Is it possible for a film so saturated in hype to be blinding even to the most objective of viewers? With “The Dark Knight” sure to break a few box office records this weekend, it’s no surprise that a visionary director like Christopher Nolan can create such an immensely dim and entertaining crime drama masked as a superhero movie. It’s easily the best comic-book movie of the summer, but to call it more than that is the overstatement of the year.

The accolades, of course, start with the late Heath Ledger’s fiendish and amazing performance at Batman’s nemesis the Joker. Ledger is right on cue as the soulless clown who robs banks alongside his gang of criminals. It’s a completely different portrayal than that of Jack Nicholson from the 1989 version. It’s not better or worse, but it is distinctive and memorable.

Christian Bale returns to form as the most ruthless Batman of any that came before him. Torn between his responsibility as a vigilante crime fighter in Gotham City and settling down with Rachel Dawes (Maggie Gyllenhaal), who is now more interested the newly elected district attorney Harvey Dent (Aaron Eckhart, who is later burned to become Two-Face) than billionaire businessman Bruce Wayne.

As in “Batman Begins,” Nolan has recreated the denseness of a city on the brink of chaos in “The Dark Knight” and it permeates through the entire film. It’s a real-world story with comic-book tendencies and Nolan is the one that is able to mold the two genres together to produce a sort of hybrid crime thriller.

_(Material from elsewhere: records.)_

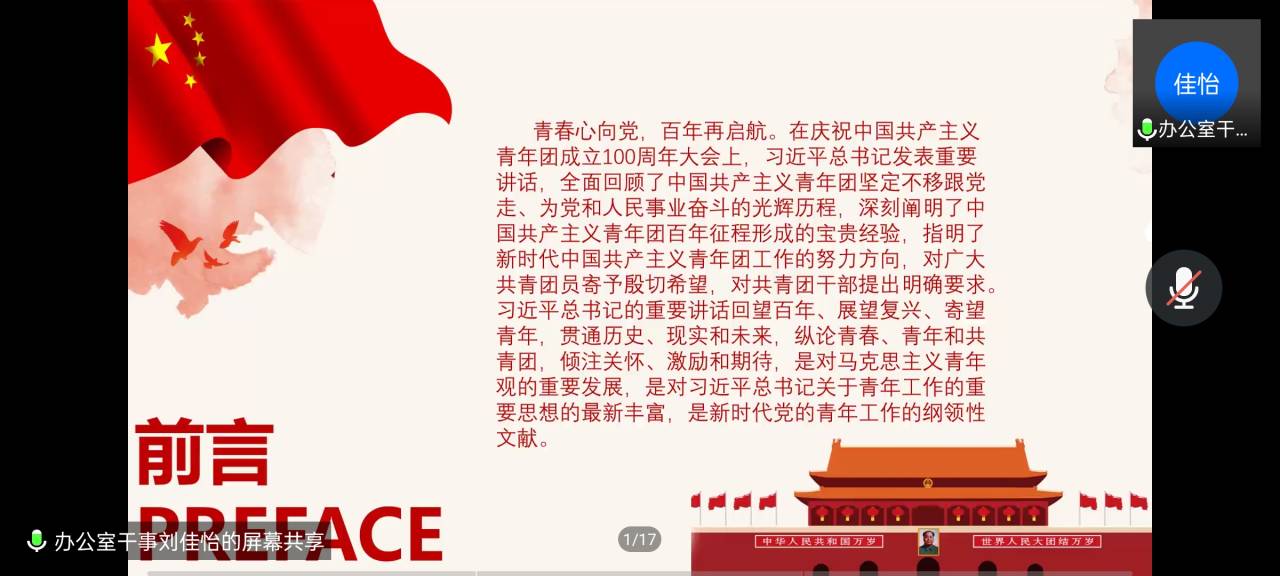 为深入学习习近平总书记在庆祝中国共产主义青年团成立100周年大会上的重要讲话,鼓励广大青年坚定理想,引导广大青年增强责任意识,买球官方网站于5月14日晚举办“牢记领袖嘱托,勇担青春使命”主题团日活动。
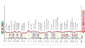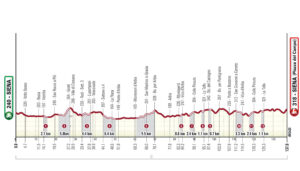 A pocos kilómetros se encuentra el sector 2 (5,8 km); Esta será la primera parte complicada de la carrera, con un breve descenso seguido de una larga subida con tramos superiores al 10%. Al llegar a Radi, el recorrido pasa por el tercer sector de tierra (4,4 km de longitud; es decir, la segunda parte del primer tramo de tierra de la primera edición de la carrera), seguido poco después por el sector 4, denominado “La Piana”, uno de los clásicos de la carrera. Sectores de tierra (de 5,5 km de longitud, presentes en el recorrido desde la primera edición) sin desnivel importante, hasta llegar a Buonconvento. A pocos kilómetros se encuentra la subida al Montalcino, segunda ascensión del día (4 km al 5%). Los sectores 5 (11,9 km) y 6 (8 km) comienzan nada más pasar Torrenieri, con sólo 1 km de asfalto entre ellos. Ambos son duros, montañosos y con mucha garra, con muchas curvas, subidas y descensos desafiantes. Después del segundo paso por Buonconvento, los corredores llegarán al avituallamiento, situado en los alrededores de Ponte d’Arbia. Poco después el recorrido llega a Monteroni d’Arbia, que marca el inicio del sector 7 de San Martino in Grania (9,5 km), en plena Crete Senesi. Es un sector largo marcado por una secuencia de suaves ondulaciones en la primera parte, y que finaliza con una subida sinuosa que devuelve a la carretera asfaltada. El sector 8 comienza en Ponte del Garbo (Asciano). Con 11,5 km, es el más duro de la carrera, principalmente cuesta arriba y marcado por importantes pendientes, especialmente cerca del Monte Sante Marie, con fuertes pendientes tanto en subidas como en bajadas en distancias cortas. Pasado Castelnuovo Berardenga hay un tramo llano muy corto sin asfaltar (300 m) seguido por el noveno sector de tierra, después de Monteaperti. Con sólo 800 m de longitud, saluda a los ciclistas con pendientes de dos dígitos. El recorrido vuelve al asfalto en Vico d’Arbia, donde comienza el circuito de 30 km. Pasada Pieve a Bozzone, sigue el sector 10 (2,4 km), en subida hacia Colle Pinzuto, con pendientes que llegan al 15%. Al cabo de algunos kilómetros, el recorrido llega al undécimo sector, Le Tolfe (1,1 km), marcado por un rápido descenso seguido de una subida muy dura (con una pendiente máxima del 18%). Poco después de Le Tolfe, en el primer paso, la ruta toma por primera vez la Strada del Castagno (sector 12, 1,3 km), que conduce a algunos pasos exigentes sobre asfalto hasta Pontignano, Ponte a Bozzone y San Giovanni a Cerreto, donde entramos en el sector 13 (Montechiaro 3,3 km), recorrido en las primeras ediciones de la carrera. El circuito finaliza al final de este sector, en Vico d’Arbia. Los sectores de Colle Pinzuto (14º) y Le Tolfe (15º) se repetirán antes de que la ruta gire hacia Siena a poco más de 10 km de la meta.
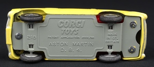 Aston Martin D.B.4 Corgi Toys, No. 218. Very near mint/boxed. Yellow version with flat spun wheels. Open vent. From The Coastline Collection.
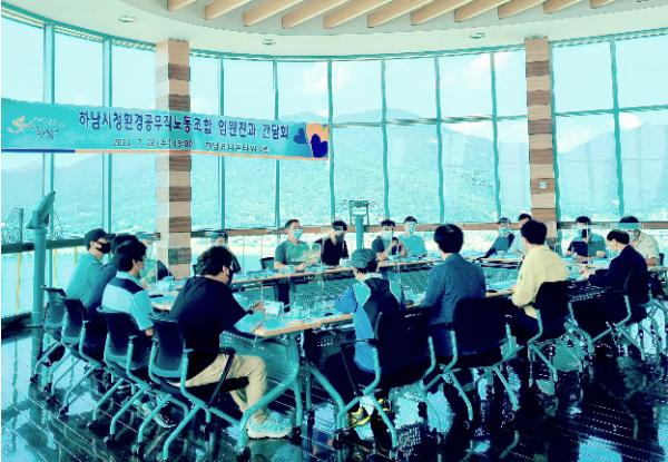 [한국뉴스타임=명기자] 김상호 하남시장은 지난 28일 하남유니온타워 4층에서 시 환경공무직노동조합 임원진과 간담회를 갖고, 노동환경 개선방안 등을 논의했다.
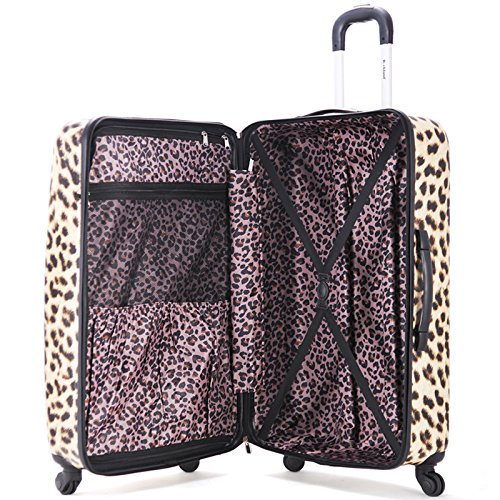 Details: This 3 piece set is made of polycarbonate,abs. Polycarbonate is the same material used to manufacturer bullet proof glass. The major benefits of this material - it is extremely lightweight, it is durable, and protects the contents of your luggage. Multi directional spinner wheels rotate 360 degrees for easy maneuverability. This luggage allows you to pack more while avoiding the excess weight surcharges imposed by most airlines. Features multi-directional spinner wheels for easy maneuverability, modern internal chrome telescoping handle with push button handle, interior mesh and zip pocket and elastic pocket. Measures 20 inches long x 13 wide x 9 inches deep and weighs 6 pounds. 24 inches long x 15 inches wide x 10 inches deep and weighs 8 pounds. 28 inches long x 17 wide x 12 inches deep and weighs 10 pounds.
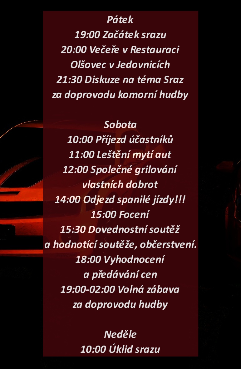 Pokud by někdo chtěl dojet ještě v pátek večer a zúčastnit se i zahájení srazu se společnou večeří budeme rádi. Jinak večeře bude kolem 20:00 hodin přímo na náměstí v Jedovnicích restaurace Olšovec, tak kdyby to náhodou časově někdo nestíhal, tak dojeďte přímo tam, kde nás určitě najdete :lol: Popřípadě, kdo nechce zajít na večeři, tak počká v kempu Olšovec kam po večeři všichni přijedeme a přesuneme se na Pizzerii, kde bude pokračovat zábava a hodování do pozdních hodin. -i :mrgreen:
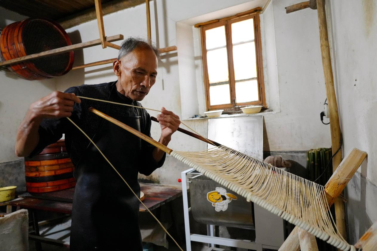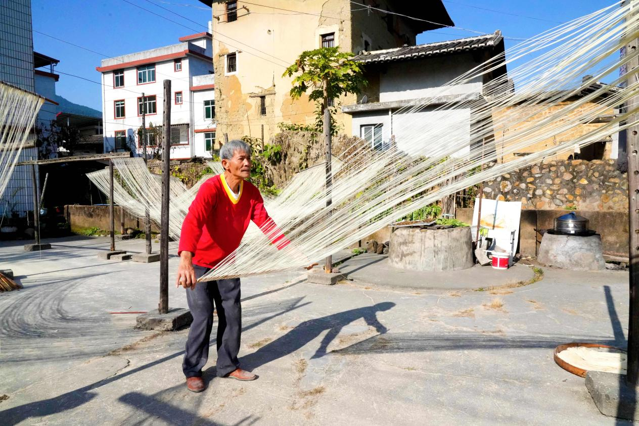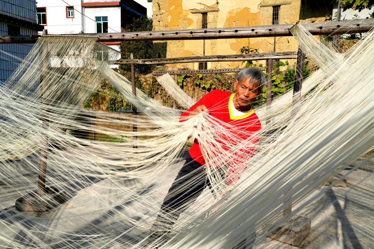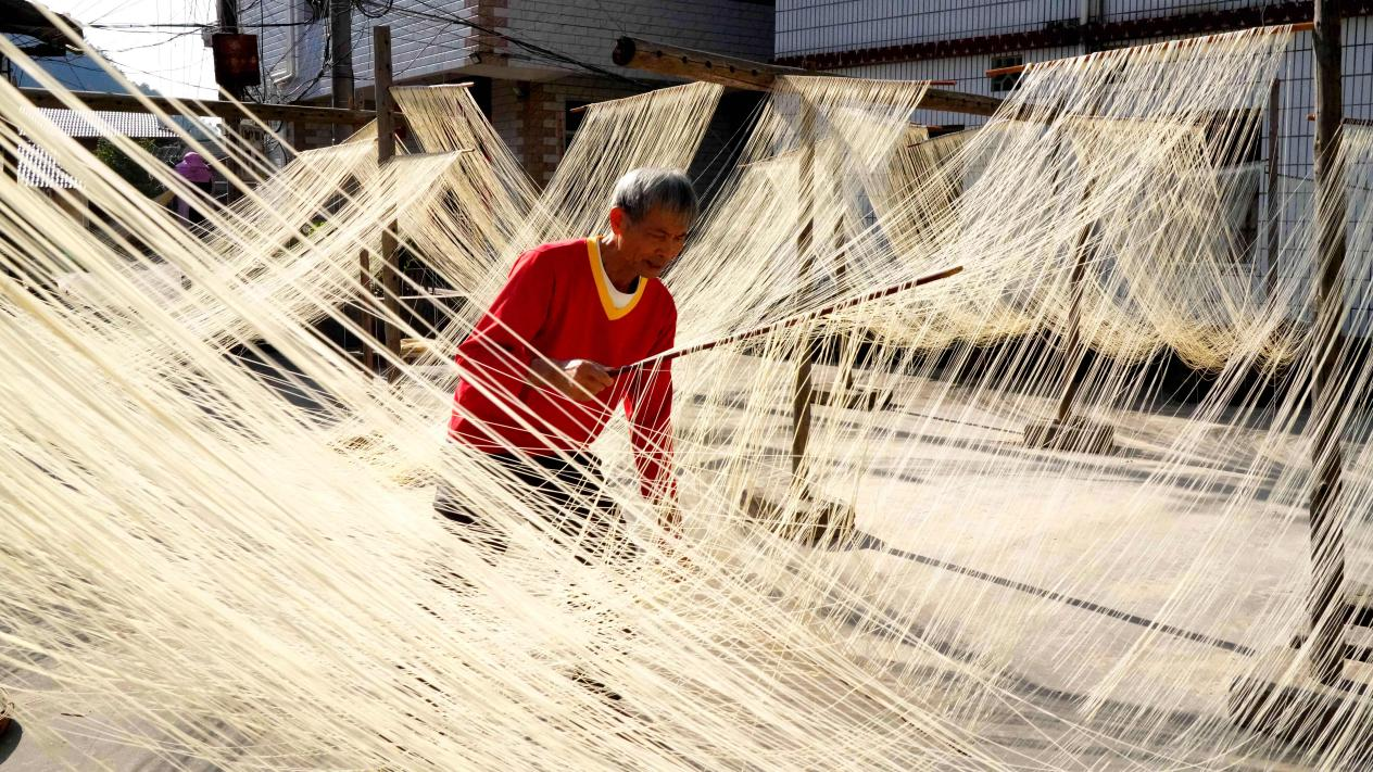 1月12日,一縷冬日暖陽照進永定區高陂鎮上洋村植桂堂村民陳樣民的家中,院子里數十掛手工線面在陽光的照耀下,細白如絲,隨風搖曳,散發著面粉的淡淡清香。老線面師傅們正在拉、扯手中的面條。一根根“筷子”般粗細的面條在其手中慢慢扯、拉成細線,掛在面架上,在陽光的晾曬下,線面漸漸風干……中途,師傅們還會將線面收回屋內,讓其均勻熟成后再掛出去晾曬,等面中隱約出現白色,便可做成了干面。據悉,純手工制作的線面色澤潔白、線條細勻、質地柔潤、落湯不糊,拉開可長達數米。
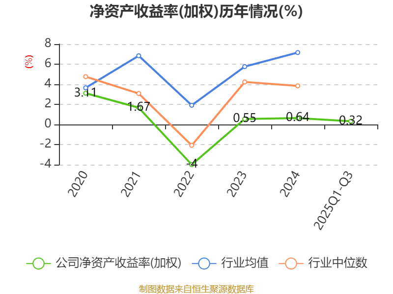 盈利能力方面, 2025年前三季度公司加权平均净资产收益率为0.32%,同比下降0.29个百分点。公司2025年前三季度投入资本回报率为0.38%,较上年同期下降0.41个百分点。
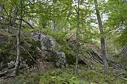 The site was recorded during the early 1970s as part of a comprehensive survey of the national park.[1]: 135 One of several sites in the Big Meadows complex, Cliff Kill lies at the meadow's eastern side, immediately east of a 10-meter cliff; boulders mark the northern edge,[1]: 112 and the headwaters of a small stream form the boundaries to the east and south.[1]: 113 The surveyors test excavated the site, discovering that Cliff Kill yielded the fewest artifacts of any site so investigated (seventy-one, versus hundreds or thousands at other sites), and almost half of these items were broken pieces of stone tools whose original purpose could not be identified.[1]: 191 Quartzite was the dominant material, being used for more than three-quarters of artifacts.[1]: 192 Some pieces of projectile points were identifiable as to their cultural affiliation, including three dating from the middle to late Archaic period and one Woodland point, thousands of years newer than the other three.[1]: 114
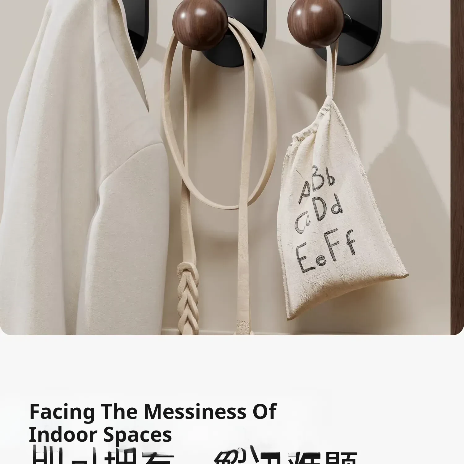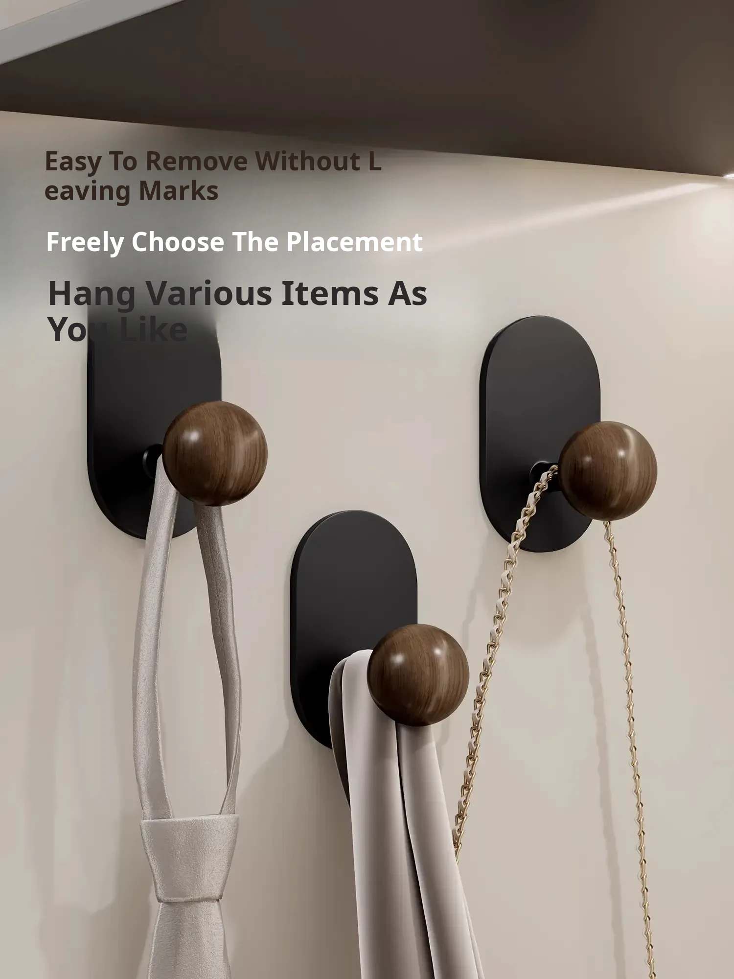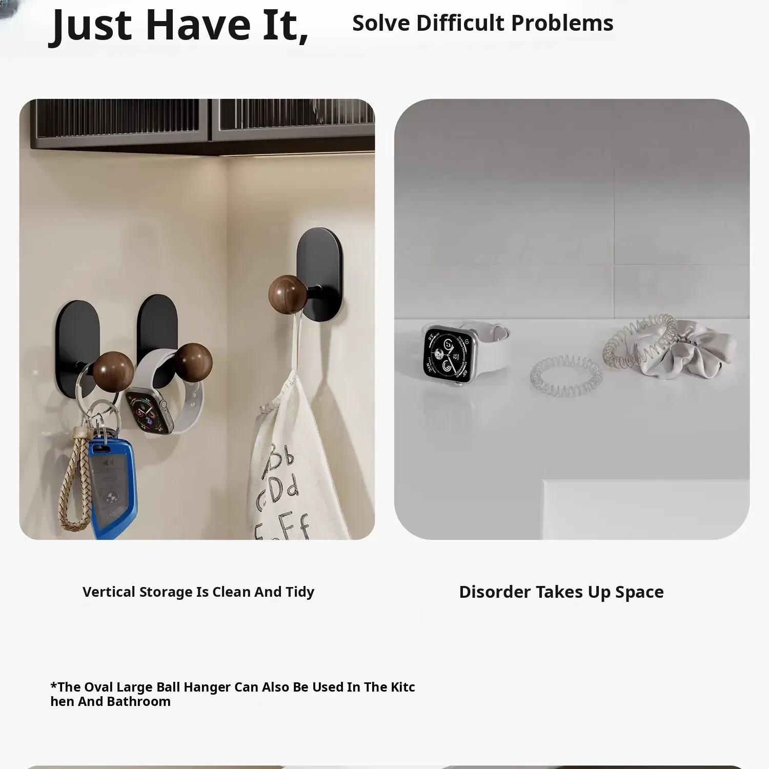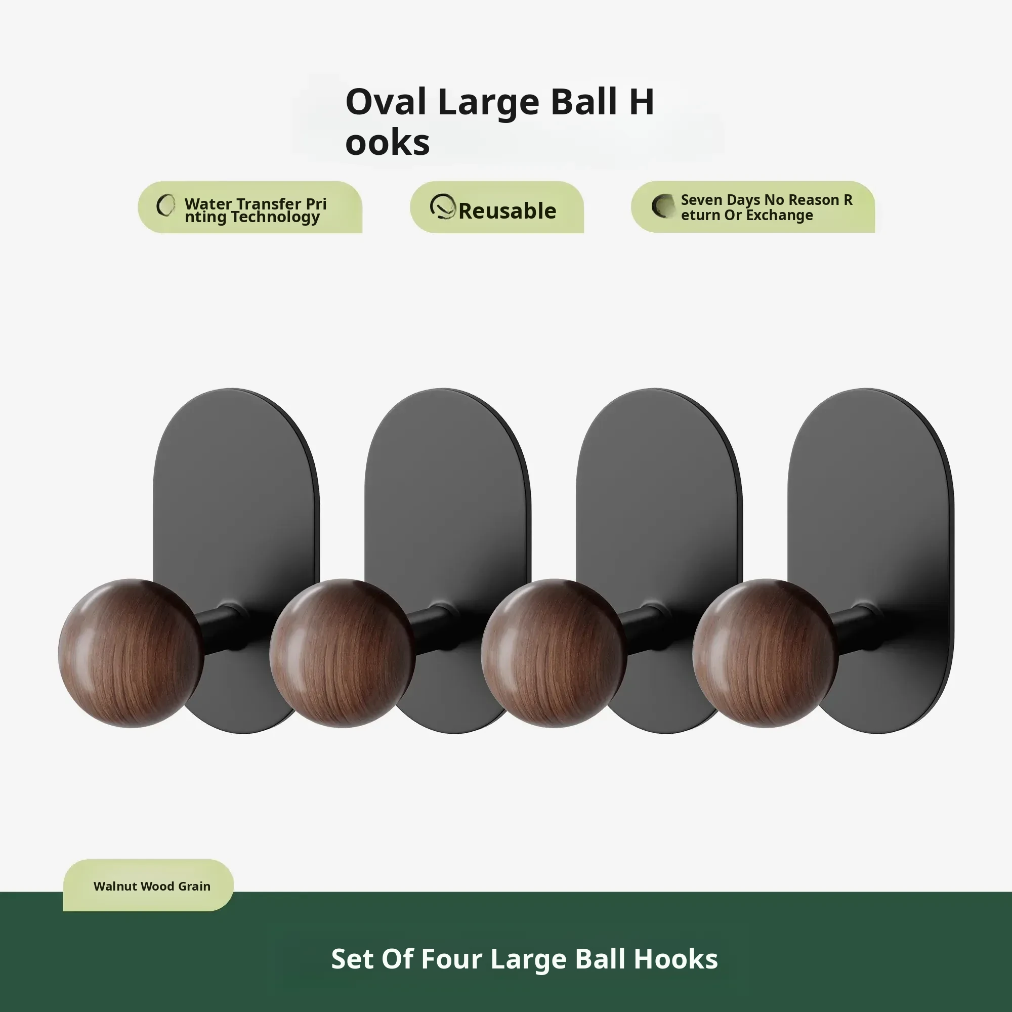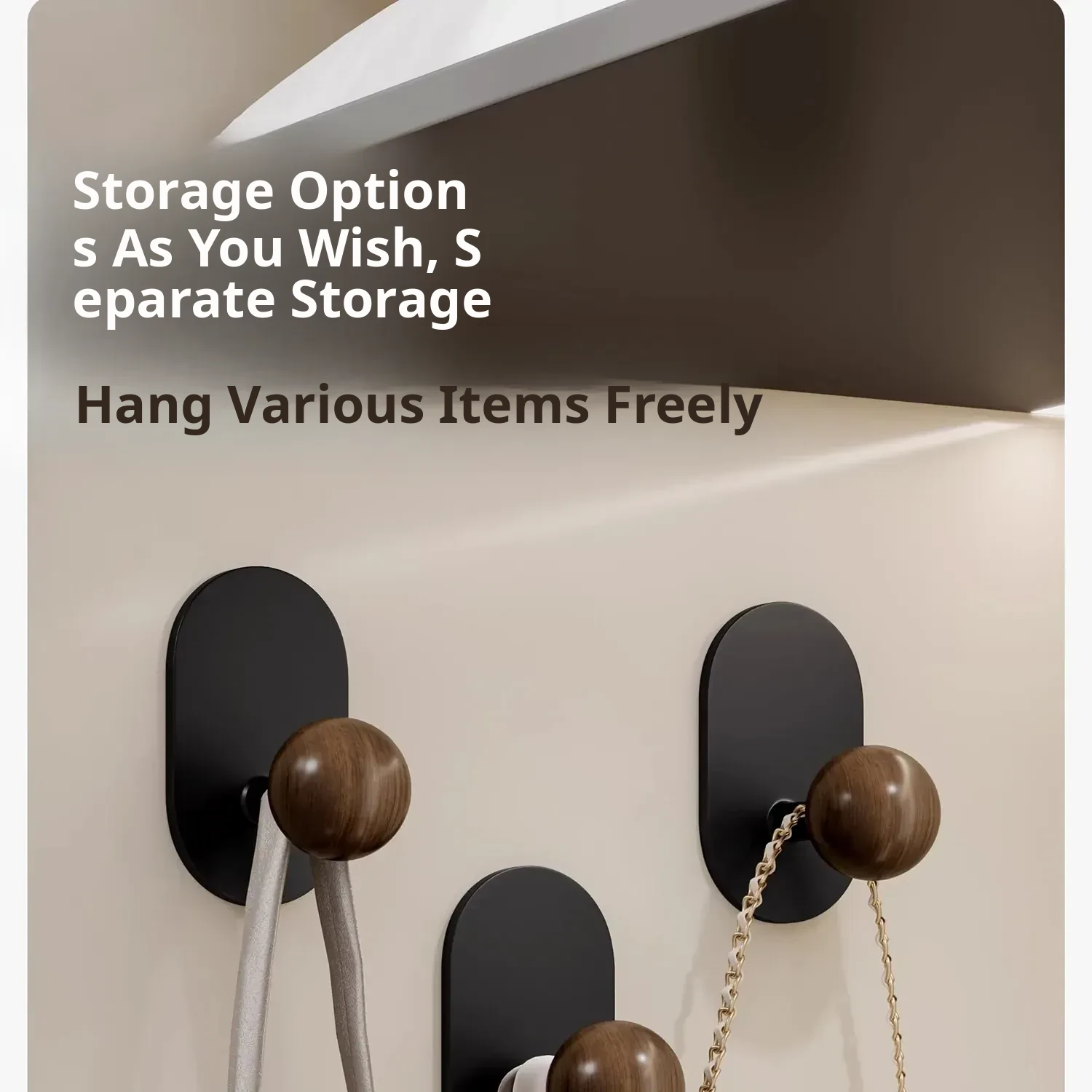 Walnut Wood Hooks [Pack of 4] No Need to Drill Holes
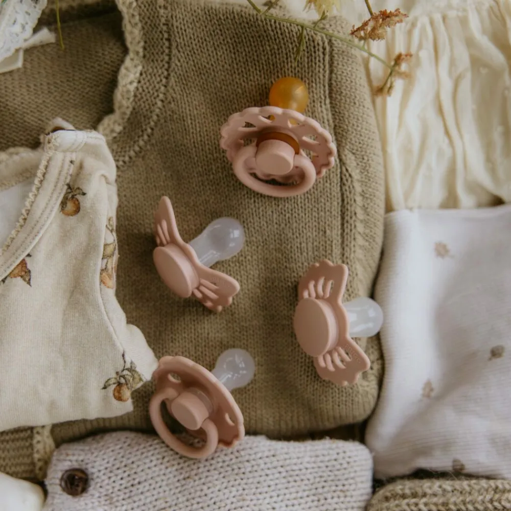 Voor nieuwe ouders kan het moeilijk zijn om uit te vinden welke fopspeen het beste is voor hun kleintje. Met de ‘Baby’s eerste fopspeen’-set van FRIGG, bestaande uit 4 verschillende FRIGG fopspenen met verschillende materialen en vormen fopspenen, kunnen ouders verschillende fopspenen uitproberen om erachter te komen welke fopspeen hun baby het prettigst vindt.

There are moments in “The Dark Knight” where the screenplay has some opportunities to really sideswipe the audience, but chooses some easy way outs of a few intense situations. Where the film could have ended up becoming macabre and transformed the Joker into an incarnate of evil, it bows out and leaves him on a level of likability.

Overall, “The Dark Knight” wowed, but didn’t have a lasting effect despite it’s full-package delivery. That’s usually what happens with summer blockbusters, even when there as impressive as this.